Report on the Status of 401k Plans
The Center for Retirement Research at Boston College recently issued a chilling report tracing the evolution of 401k plans, the substantial progress achieved with changes included in the Pension Protection Act of 2006 and, finally, the devasting impact of the 2008 market collpapse. Conclusion: The time has come to return 401k's to their original place as a supplemental (rather than primary) retirement funding vehicle.
Anyone pondering the status of their 401k in the current market or how we got to this point should consider reading this research brief.
401k's were never intended to serve as workers main retirement income source. Rather they were meant to supplement social security and traditional corporate pensions - a personalized retirement savings program serving as the third leg of a solid three-legged retirement funding stool. As personalized accounts, 401k owners were given nearly total control over key decisions like whether to participate, how much to contribute, where to invest funds, and when and how to cash out.

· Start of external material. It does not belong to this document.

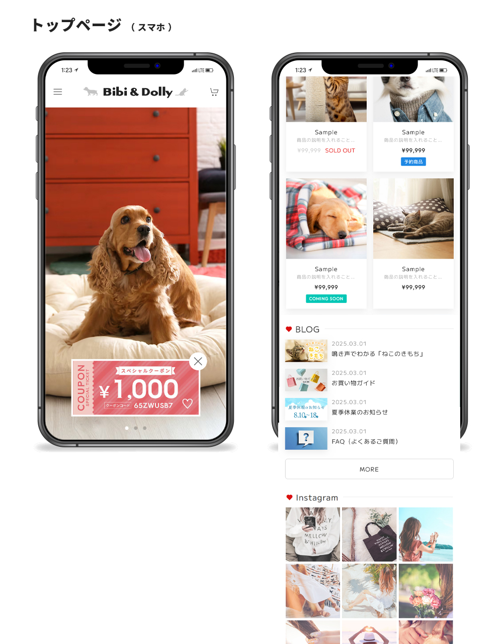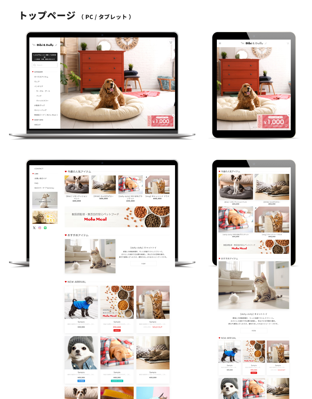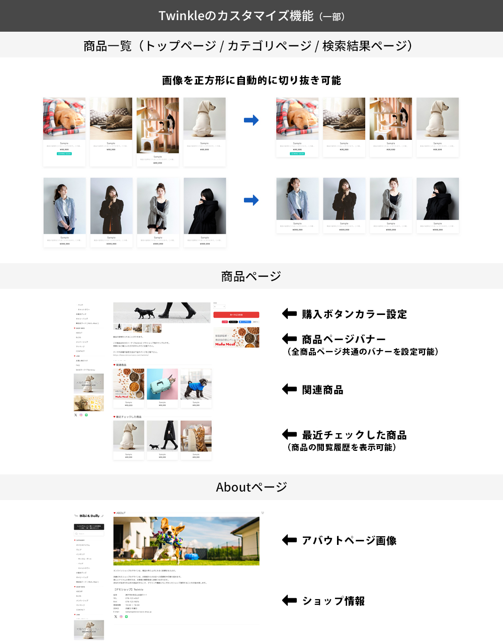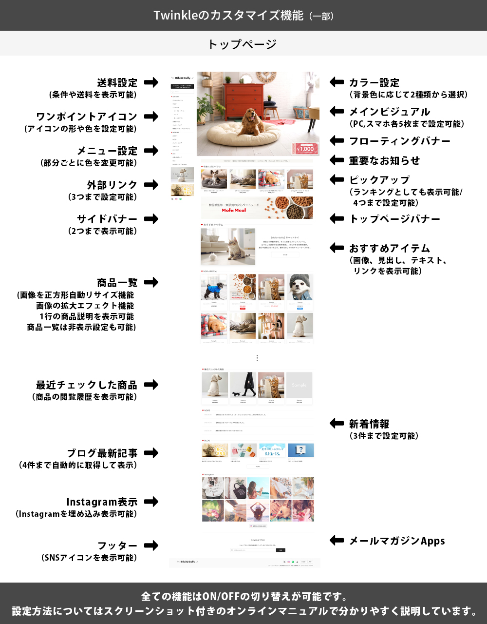 『Twinkle』は機能性とデザイン性を兼ね備えたおしゃれなテーマです。 やさしいトーンのデザインと、自由度の高いカスタマイズ機能。 高速なページ表示で快適なショッピング体験を提供します。 簡単な設定で自由にカスタマイズすることが可能となっており、 はじめて有料テーマをご利用される方にも最適なテーマとなっています。 --------------------------------------------------------------------------------------------------- 【 デモショップ1(可愛い / カジュアル)】 https://demosite.fashionstore.jp/ 【 デモショップ2(おしゃれ / クール)】 https://demosite2.fashionstore.jp/ 【 説明サイト(デザインや機能のご案内) 】 https://base.dolcevivace.com/twinkle/ 【 オンラインマニュアル 】 https://base.dolcevivace.com/twinkle/#manual --------------------------------------------------------------------------------------------------- 機能のON/OFFを切り替えたり、色や画像を選ぶだけの簡単操作で ショップを自由にカスタマイズすることが可能です。 画像付きのわかりやすいオンラインマニュアルもご用意しています。 ◆ ワンポイントアイコン デザインのアクセントになるアイコンを表示できます。 好みに応じてハートや星などのアイコンタイプを選択可能です。 アイコンのカラーは自由に変更することができます。 ◆ メインビジュアル PCではサイドバー以外の画面全体、スマホではファーストビュー全体を覆う印象的なスライダーです。どんな画面サイズでも最適化されて美しく表示されます。 画像はPC用/スマホ用にそれぞれ5枚まで設定可能です。 ◆ フローティングバナー トップページの固定位置に追従するバナーを設置することができます。 フローティングバナーは「毎回表示」と「10分後に再度表示」が選択可能です。 ◆ 送料表示 サイドバー/スライドメニューに送料を表示することができます。 送料のテキスト内容やカラーを自由に設定することが可能です。 ◆ 重要なお知らせ表示 お客様に伝えたい重要なお知らせを見やすく表示することができます。 お知らせのテキスト内容、カラー、背景色、リンク先を自由に設定可能です。 ◆ ピックアップ(ランキングとしても利用可能) ピックアップアイテムを4件まで表示することができます。 画像/テキスト/リンクを自由に設定可能です。 ランキングアイコンを表示することもできます。 PCでは最大4アイテムが1行で表示され、スマホでは横に2アイテム表示されます。 ◆ おすすめアイテム トップページに「おすすめアイテム」を表示することができます。 画像/見出し/テキスト/リンクボタンを設定することができます。 商品以外にも、ショップのコンセプトなどを紹介する目的にも利用可能です。 ◆ トップページバナー トップページにバナーを表示することができます。 バナーには自由なリンク先を設定することができます。 ◆ サイドバナー サイドバー/スライドメニューにバナーを2枚まで設定可能です。 各バナーには自由なリンク先を設定することができます。 ◆ ニュース / 新着情報表示 新着情報を3件まで表示することができます。 日付、内容、リンクを設定することができます。 ◆ ブログ最新記事 トップページに「ブログApps」の記事を4件まで自動的に取得して表示可能です。 ◆ Instagram表示 “SnapWidget” 等の外部サービスを利用してInstagramを埋め込み表示可能です。 ◆ 最近チェックした商品(閲覧履歴) トップページや商品ページに商品の閲覧履歴を表示することができます。 ◆ アバウトページカスタマイズ アバウトページにBASE管理画面で設定した「ショップの説明」に追加して、 画像やカスタムショップ情報を表示することができます。 ◆ 商品ページカスタマイズ 全ての商品ページに共通するバナーを表示することができます。 購入ボタンのカラーを変更することも可能です。 ◆ カラー設定 テーマカラーは暗い背景用と明るい背景用を簡単に切り替えることが可能です。 購入ボタンや各テーマ機能は個別に色を設定可能です。 ◆ メニュー設定 「Home」「About」「Blog」「Contact」などのナビゲーションテキストや、 「Category」「Information」などのタイトルを変更することが可能です。 ◆ アイテム設定 商品画像を正方形に自動トリミングすることが可能です。 1行の商品説明を表示したり、拡大エフェクトをつけることもできます。 ◆ BASE Apps設定 「メンバーシップ Apps」「コミュニティ Apps」「メールマガジン App」に関する設定をすることができます。 ◆ 独自スタイルシート(CSS)設定 知識のある上級者の方はCSSを追加記述していただくことも可能です。 --------------------------------------------------------------------------------------------------- 【 スマートフォン最適化 & レスポンシブデザイン 】 全デバイスで美しく表示されるよう最適化されたレスポンシブデザインを採用。 視認性や操作性を重視した設計が高いパフォーマンスを発揮します。 【 各種BASE Apps対応 】 有料テーマで利用可能な「全てのBASE Apps」に対応しています。 【 オンライン

In the 1980's and 1990's, two unforseen trends emerged. First, more and more corporate pension sponsors came to view the 401k as a convenient way to get out from under the risks and obligations associated with running a traditional pension plan. By 1995, the 401k easily surpassed defined benefit pensions as the principal retirement plan for most workers.
Second, it became apparent that far too many 401k plan participants were not equipped to make prudent decisions about participation, contributions, investments and withdrawals crucial to 401k planning success. Inertia caused workers to make no decision at all resulting in low 401k participation rates and overly conservative investment choices.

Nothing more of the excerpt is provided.